I have a pandas dataframe that looks like this:
City | Lat | Long |
---|---|---|
Moscow | 55.7 | 37.3 |
Paris | 48.8 | 2.2 |
New York | 40.7 | -74.0 |
Moscow | 55.6 | 37.4 |
Paris | 48.9 | 2.3 |
New York | 40.8 | -74.1 |
Moscow | 55.8 | 37.2 |
Paris | 48.6 | 2.0 |
New York | 40.9 | -74.2 |
Let's say these lat/long values are completely inaccurate, so I want to replace them with actual coordinates of these cities.
I have another DataFrame (or a dictionary, if needed) that stores accurate coordinates for each City:
City | Lat | Long |
---|---|---|
Moscow | 55.751244 | 37.395744 |
Paris | 48.858093 | 2.294694 |
New York | 40.712772 | -74.006058 |
What's the easier way to update Lat / Long values for each City in the first table using values from the 2nd table?

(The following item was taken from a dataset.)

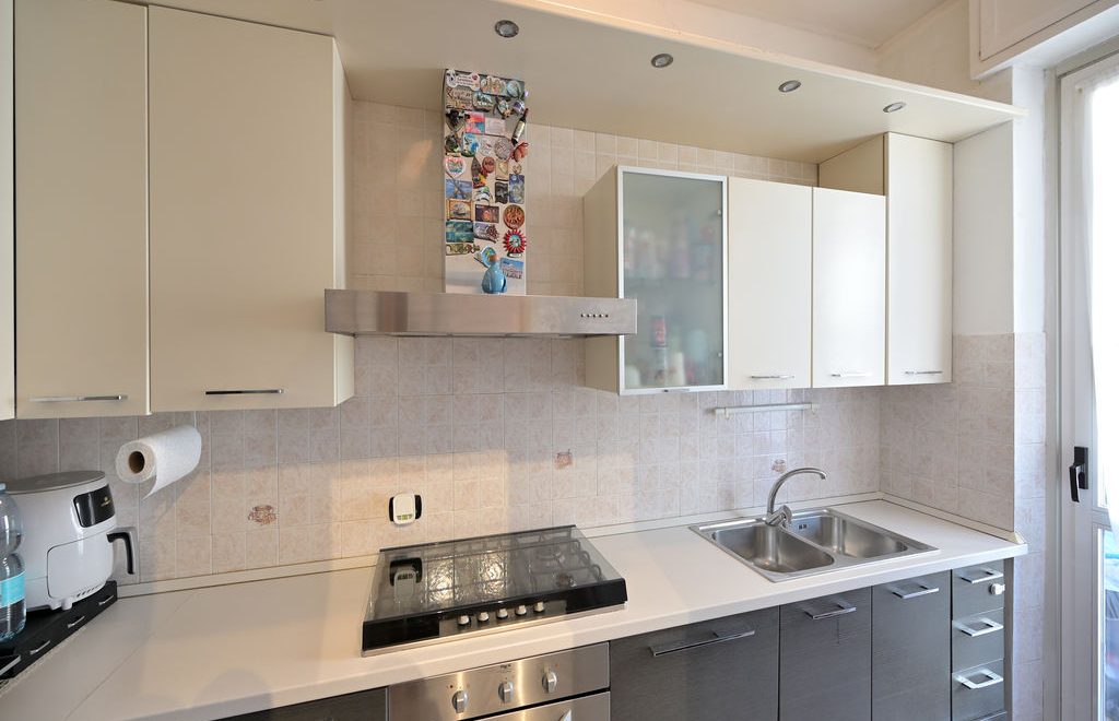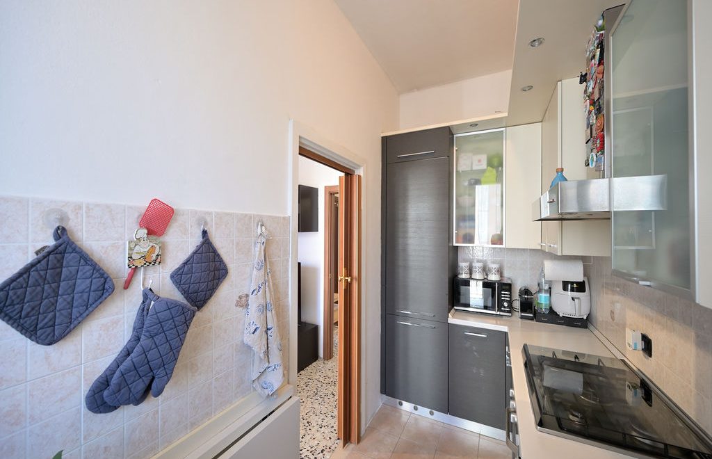 Conclude la zona giorno una cucina separata dal soggiorno anch’essa con accesso diretto al balcone del soggiorno.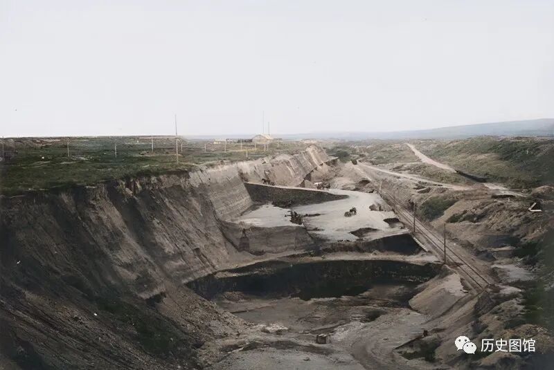 30年代,位于满洲里附近的扎赉诺尔煤矿。从地上挖出的深坑看,这应该是一座露天煤矿。30年代,日本对扎赉诺尔煤矿进行了疯狂的掠夺。扎赉诺尔煤矿是一座百年煤矿,主要出产褐煤。

FYI, the actual dataset I am working with includes ~ 2 million rows with approximately 500 unique values in the 'City' field.
CodePudding user response:
Set the index of both dataframes to the same column ('City') and update df
with df2
, to override df1's values:
df1 = df1.set_index('City')
df2 = df2.set_index('City')
df1.update(df2)
df1
Lat Long
City
Moscow 55.751244 37.395744
Paris 48.858093 2.294694
New York 40.712772 -74.006058
Moscow 55.751244 37.395744
Paris 48.858093 2.294694
New York 40.712772 -74.006058
Moscow 55.751244 37.395744
Paris 48.858093 2.294694
New York 40.712772 -74.006058
CodePudding user response:
Try:
df_inaccurate.loc[df_inaccurate['City'].isin(df_accurate['City']),['Lat','Long']] = df_accurate[['Lat','Long']]
If you could provide a code of your dataframes instead of tables, I could test it. But this should work.